* DESCRIPTION OF THE TASK *
Dropping every picture, set down exactly the lines in the entries below, starting with the line with "抖音、今日头条、快手等平台,将上线显示用户IP属地功能" and going on through the line with "조금 더 쉽고 편한 것을".

* Records from a data collection *
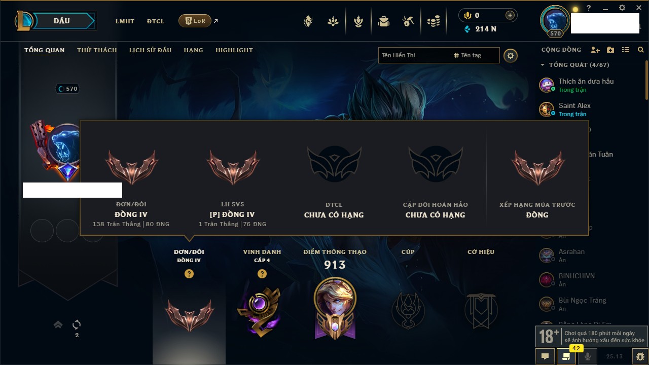 Rank Đơn: Lục Bảo IVKhung: VàngTướng: 171 - Còn 154648 THXTrang Phục: 203Rank ĐTCL: Bạch Kim IVLinh Thú: 69
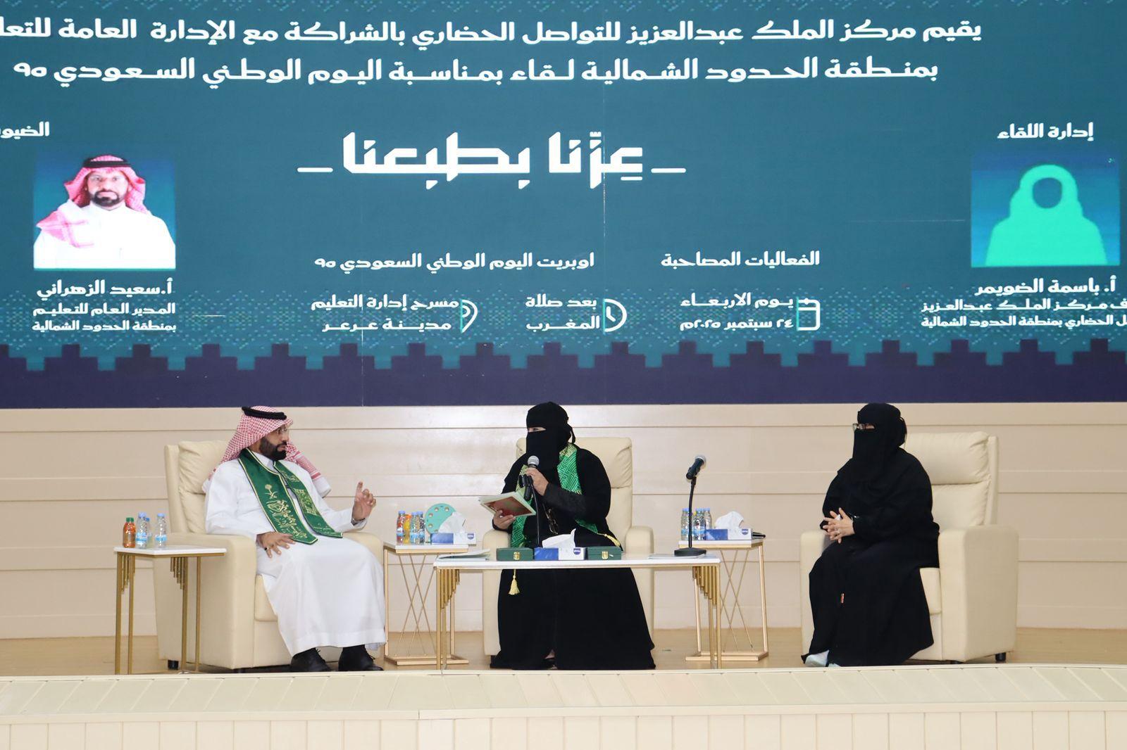 نظّم مركز الملك عبد العزيز للتواصل الحضاري بالشراكة مع إدارة التعليم بمنطقة الحدود الشمالية، مساء اليوم، لقاءً حوارياً بمناسبة اليوم الوطني السعودي الـ95، وذلك على مسرح إدارة التعليم بمدينة عرعر.
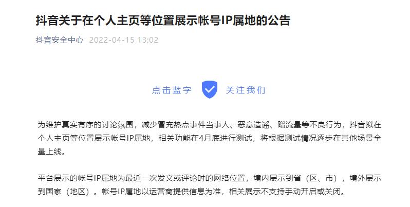抖音、今日头条、快手等平台,将上线显示用户IP属地功能
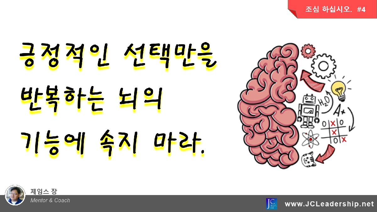 조금 더 쉽고 편한 것을 찾는 뇌의 본능적 기능을 따라가시겠습니까? 아니면 인간의 고유 권한인 의지적 선택을 통해 의미가 있는 하루를 만들어 보시겠습니까? 이 글을 읽은 오늘 하루는 한 가지라도 의지적 선택을 의도적으로 실행함으로 조금 더 변화하고 성장하는 모습이 만들어졌으면 합니다. 그리고 그를 통해 성공이라는 목적지에 조금이라도 더 가까이 가게 되기를 바랍니다.
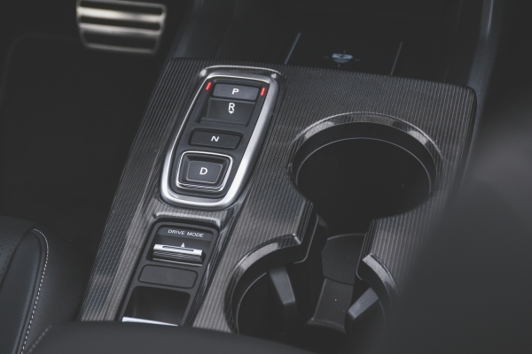 No, igen az utastér. Beülve azonnal érezzük, hogy itt valami sokkal komolyabbal van dolgunk, mint eddig. Letisztult, ízléses, komoly a kabin. Legmeghatározóbb eleme a műszerfalon végigfutó fém méhsejt minta, amik mögött a légbeömlők is megbújnak. Minden precízen, fémesen kattan. Ez egy nagyon minőségi, komolyan vehető utastér, aminek többnyire sikerült levetkőznie az ügyetlen japános beidegződéseket. Váltókar itt már nem rondít az összképbe: gombokról tudjuk diktálni az irányt a fokozatmentes váltónak, így a kormány mögötti fülekről sem váltunk, hanem a visszatermelés mértékét tudjuk növelni – bár ezt nem sokáig jegyzi meg, és visszaáll alapállásba.

* COMPLETED EXERCISE *
抖音、今日头条、快手等平台,将上线显示用户IP属地功能
 조금 더 쉽고 편한 것을 찾는 뇌의 본능적 기능을 따라가시겠습니까? 아니면 인간의 고유 권한인 의지적 선택을 통해 의미가 있는 하루를 만들어 보시겠습니까? 이 글을 읽은 오늘 하루는 한 가지라도 의지적 선택을 의도적으로 실행함으로 조금 더 변화하고 성장하는 모습이 만들어졌으면 합니다. 그리고 그를 통해 성공이라는 목적지에 조금이라도 더 가까이 가게 되기를 바랍니다.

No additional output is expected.